The create_raw() method starts by loading the variety-language table, which maps varieties to their languages.
Then it goes through the expression-variety records, creating a table of expressions. The keys are expressions (ints) and the values are lists of form [variety, label, degraded text]. An entry is created only for expressions whose variety's language is one of the two languages of interest. Label and degraded text are initially set to the empty string.
Next it goes through the expression-label and expression-degraded-text records, filling in the other fields of the expression entries.
Next it creates a denotations table. It goes through the denotation-expression records. If the expression has an entry in the expressions table, then a new entry is created in the denotations table. The key is the denotation (an int), and the value is a list of form [expression, part of speech, meaning]. Initially only the expression is set. Part of speech is initialized to the empty string and meaning is initialized to 0.
Next it goes through the denotation-pos records and the denotation-meaning records, filling in the remaining fields in the denotation entries.
By that point, memory is pretty much full. Output is written to lang1-lang2-raw.txt. We pass through the denotations table. Each denotation entry contains an expression ID, we use it to fetch the expression entry. The expression entry contains a variety ID; we use it to look up the language. Each denotation generates one line of output, of form:
m lang v expr degraded pos d e
The single letters represent integer IDs: meaning (m), variety (v), denotation (d), expression (e). The denotation and expression IDs are included only for debugging purposes.
Sort raw. The method sort_raw() calls Unix sort to sort the raw file by meaning, language, variety, and label. The output is written to lang1-lang2-m1.txt. It takes a couple minutes to run.
Create m2. The method create_m2() adds approvers, and also filters out monolingual meanings. (I tried adding approvers when creating the raw file, but Python runs out of memory.)
>>> b.create_m2()
The method scans through the m1.txt file, collecting a table of meanings. For each block of meanings, note is kept of whether both languages are seen. If so, an entry is created in the meanings table, and otherwise no entry is created. The meanings table is indexed by meaning ID, and the value is the approver ID (initialized to 0).
After creating the meanings table, the method passes through the meaning-approver records and sets the values (approvers) for the meanings.
Next it calls collect_approvers() to get the quality information for each approver.

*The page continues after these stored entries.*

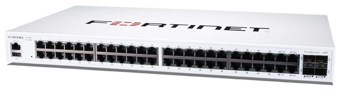 FortiSwitch-148F is a performance/price competitive L2+ management switch with 48x GE port + 4x SFP+ port + 1x RJ45 console
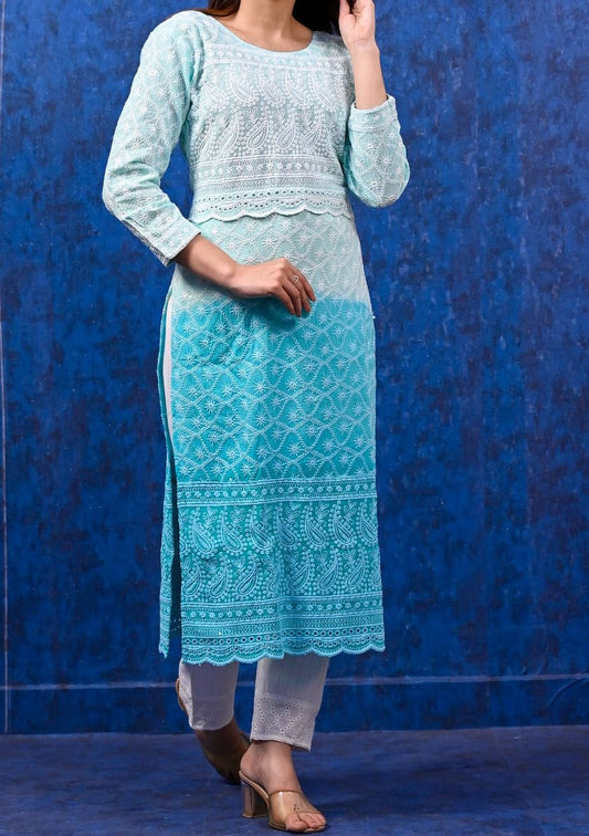 Inspiring Feroza Blue Double shaded Schiffli Chikankari suit set
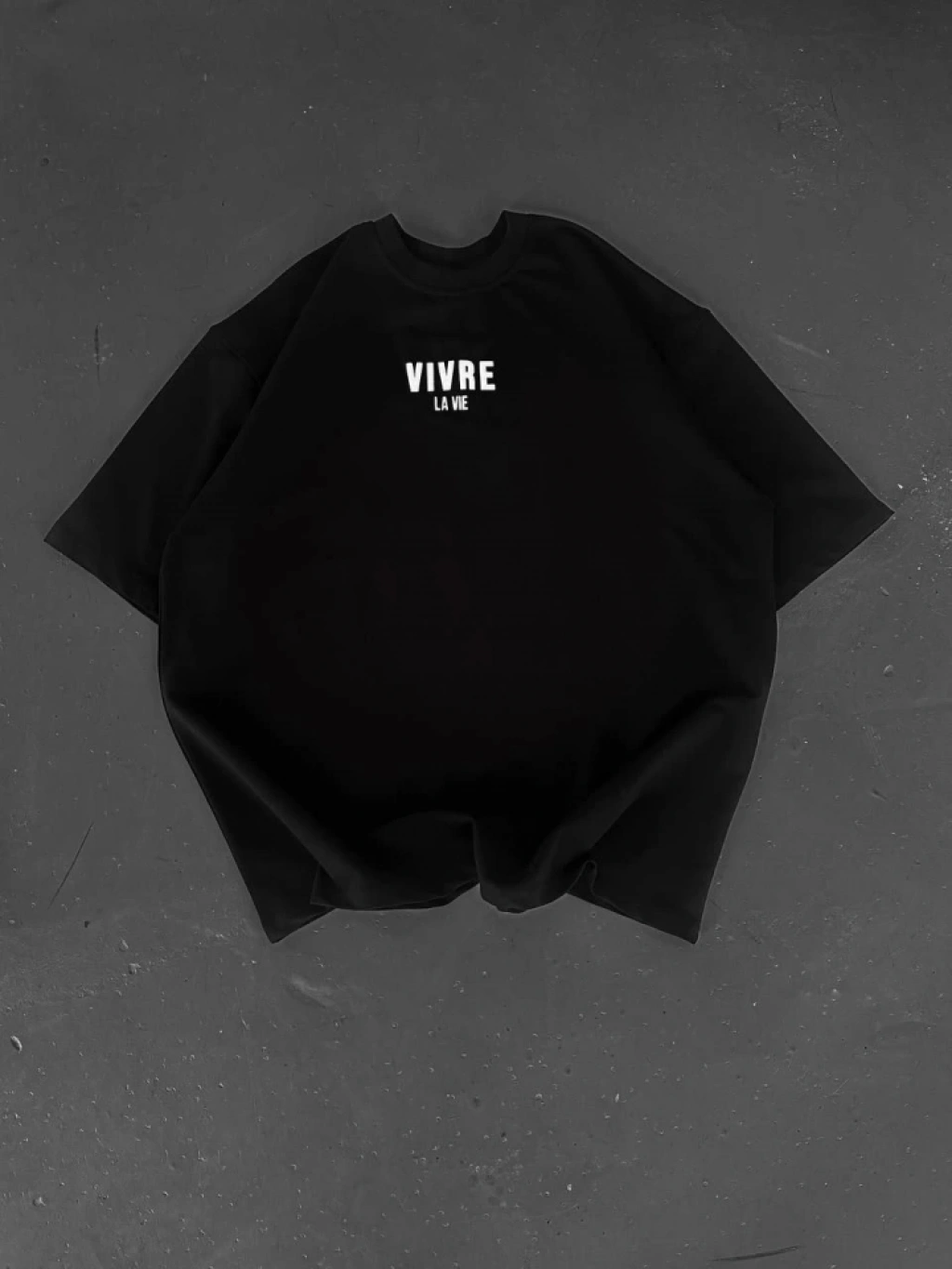 Baskılı Oversize Bisiklet Yaka T-shirt - Siyah

Finally, it passes a second time through the m1.txt file. Each time it encounters a new meaning, it looks in the meanings table to see whether it should be kept or not. If the meaning is a keeper, the quality of the approver is looked up in the approvers table. Each line from m1.txt that is to be kept is copied to m2.txt, and two new fields are added at the end: approver ID and quality. Hence the lines in m2.txt are of form:
m lang v expr degraded pos d e a q
where "a" is approver and "q" is quality (both are ints).
Create sources. The method create_sources() extracts detailed information about each of the approvers. It writes the file lang1-lang2-sources.txt. The line format is:
a rel value
where "a" is the approver ID. The relations (attributes) are: lang, variety, regdate, label, creator, isbn, lic_id, license, year, publ, title, and url. An empty line is inserted before each block of records sharing a common value for "a."

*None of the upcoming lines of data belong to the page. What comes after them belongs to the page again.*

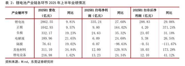 4.2025年上半年锂电池产业链业绩同比大幅改善
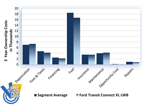 The Ford Transit Connect XL LWB earned the 2022 Vincentric Best Fleet Value in Canada™ award in the Small Commercial Cargo Van segment. The Transit Connect XL had the best fuel economy, lowest operating costs, and the lowest repair costs in its class, which helped lead it to this fourth-overall victory for the Transit Connect.
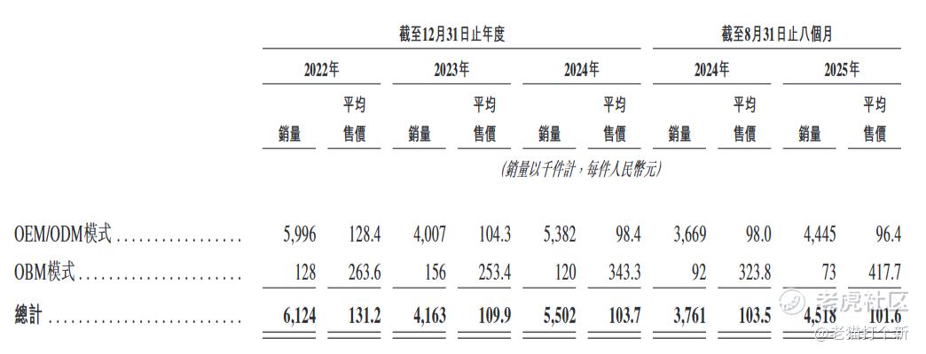 公司以OEM/ODM模式为主,在2017年成功收购英国知名鲤鱼钓品牌 Solar,切入高端OBM市场,但OBM整体占比仍只有不到10%(25年6.6%),从整体售价看,2022年至2025年持续下滑。
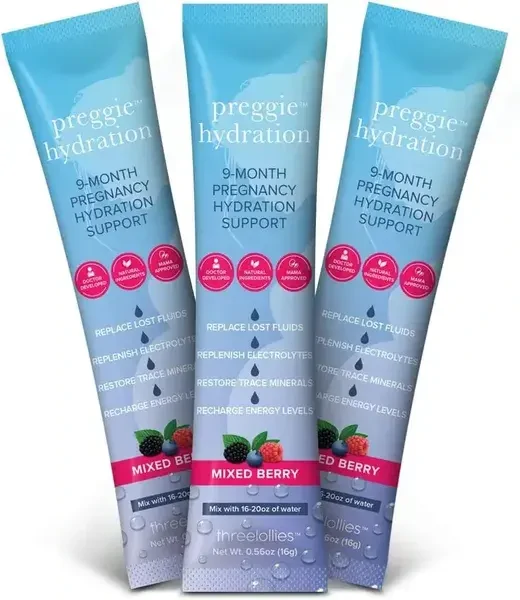 "I love the Three Lollies Preggie Mix Berry Hydration Packets! They're a game-changer for me during pregnancy. The berry flavor is delicious, and I feel so much more energized and hydrated after drinking them. Highly recommend!" - Emily S.
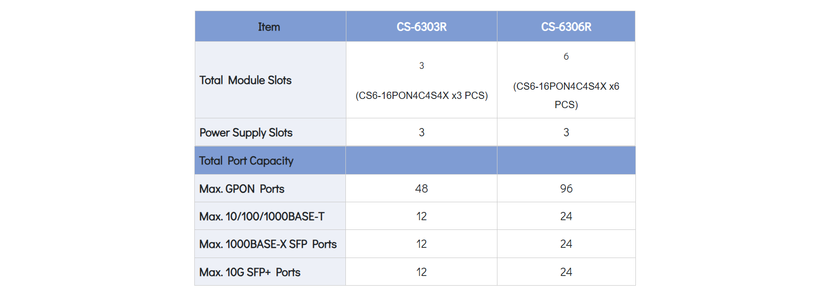 The CS-6300 series is a high-density chassis switch system equipped with 3 or 6 modular slots and redundant power supplies. By offering a variety of combinable management and switching modules, it provides exceptional deployment flexibility for network configurations. For example, the CS-6303R can support up to three CS6-16PON4C4S4X GPON modules, while the CS-6306R can accommodate up to six CS6-16PON4C4S4X GPON modules. Once fully equipped, the maximum number of functional ports is as follows:

By word. The method by_word() creates a file containing lines of form
word-lang1 quality word-lang2
The method sort_by_word() then sorts that file.
It turns out that the quality scores for the approvers are not very informative about whether the entries are actually good. For example, the top quality source (quality 7) for the Spanish word "a" includes meanings "crazy," "missionary," and "physical" - completely bogus. A much better gauge appears to be the number of sources in which the translation occurs.